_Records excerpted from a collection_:
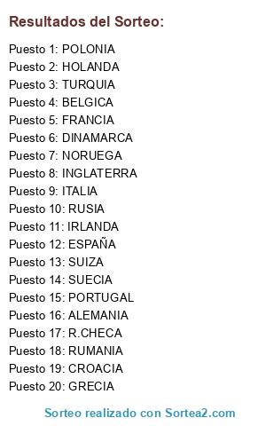 Lista de participantes: ESPAÑA, PORTUGAL, ALEMANIA, HOLANDA, INGLATERRA, FRANCIA, ITALIA, BELGICA, CROACIA, DINAMARCA, R.CHECA, RUMANIA, NORUEGA, POLONIA, SUIZA, GRECIA, SUECIA, IRLANDA, RUSIA, TURQUIA.
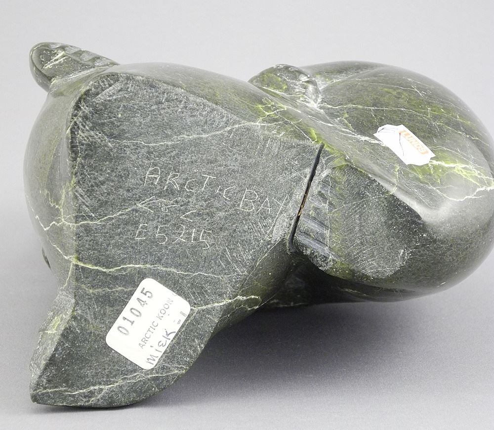 LOT 2 Arctic Bay Stone Sculpture signed E5215, 8 1/4"h, "Two Seals". Estimate: $100 - $200 Sold For: $90 Auction Date: Tuesday, November 26 2024 at 4:00 PM
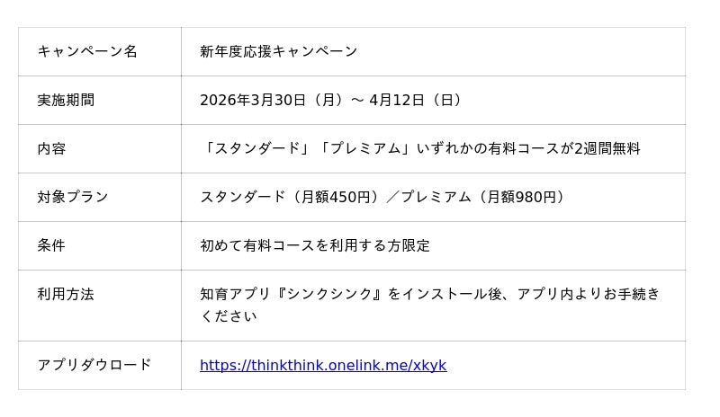 新年度を迎える子どもたちへのエールを込めて、本日より思考力が育つ知育アプリ『シンクシンク』有料コースのトライアル期間を通常1週間から2週間に延長するキャンペーンを実施します。
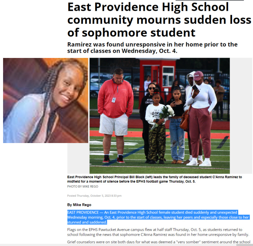 4. října 2023 – Ráno 4. října 2023 náhle zemřela ve spánku před začátkem vyučování patnáctiletá C’Anna Ramirezová, studentka střední školy v East Providence.
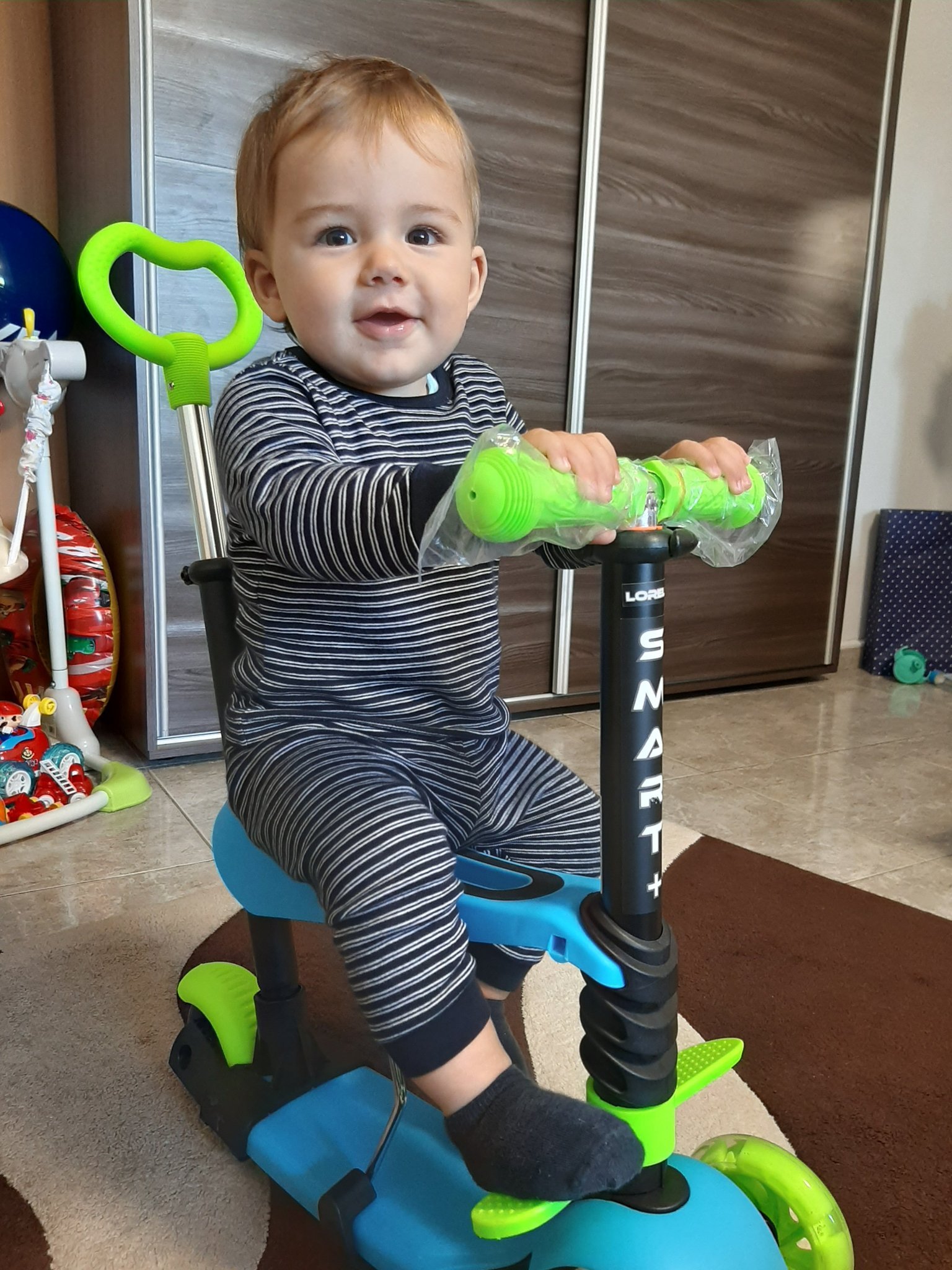 На мен ми е първо,но да ти кажа нищо не сме му купували. За рожденния ден му взехме тротинетка, защото не може да ходи сам, но се качва и чака да го дърпат и бутат. Даже за рожденния ден казах само дрехи да му се взимат, защото той не си играе с играчки. Щяхме да взимаме акумулаторна кола, но се отказахме като порасне малко ще видим дали ще взимаме.

_The task_: Omitting the pictures, copy each record above exactly as it stands.

_Exercise result_:
 Lista de participantes: ESPAÑA, PORTUGAL, ALEMANIA, HOLANDA, INGLATERRA, FRANCIA, ITALIA, BELGICA, CROACIA, DINAMARCA, R.CHECA, RUMANIA, NORUEGA, POLONIA, SUIZA, GRECIA, SUECIA, IRLANDA, RUSIA, TURQUIA.
 LOT 2 Arctic Bay Stone Sculpture signed E5215, 8 1/4"h, "Two Seals". Estimate: $100 - $200 Sold For: $90 Auction Date: Tuesday, November 26 2024 at 4:00 PM
 新年度を迎える子どもたちへのエールを込めて、本日より思考力が育つ知育アプリ『シンクシンク』有料コースのトライアル期間を通常1週間から2週間に延長するキャンペーンを実施します。
 4. října 2023 – Ráno 4. října 2023 náhle zemřela ve spánku před začátkem vyučování patnáctiletá C’Anna Ramirezová, studentka střední školy v East Providence.
 На мен ми е първо,но да ти кажа нищо не сме му купували. За рожденния ден му взехме тротинетка, защото не може да ходи сам, но се качва и чака да го дърпат и бутат. Даже за рожденния ден казах само дрехи да му се взимат, защото той не си играе с играчки. Щяхме да взимаме акумулаторна кола, но се отказахме като порасне малко ще видим дали ще взимаме.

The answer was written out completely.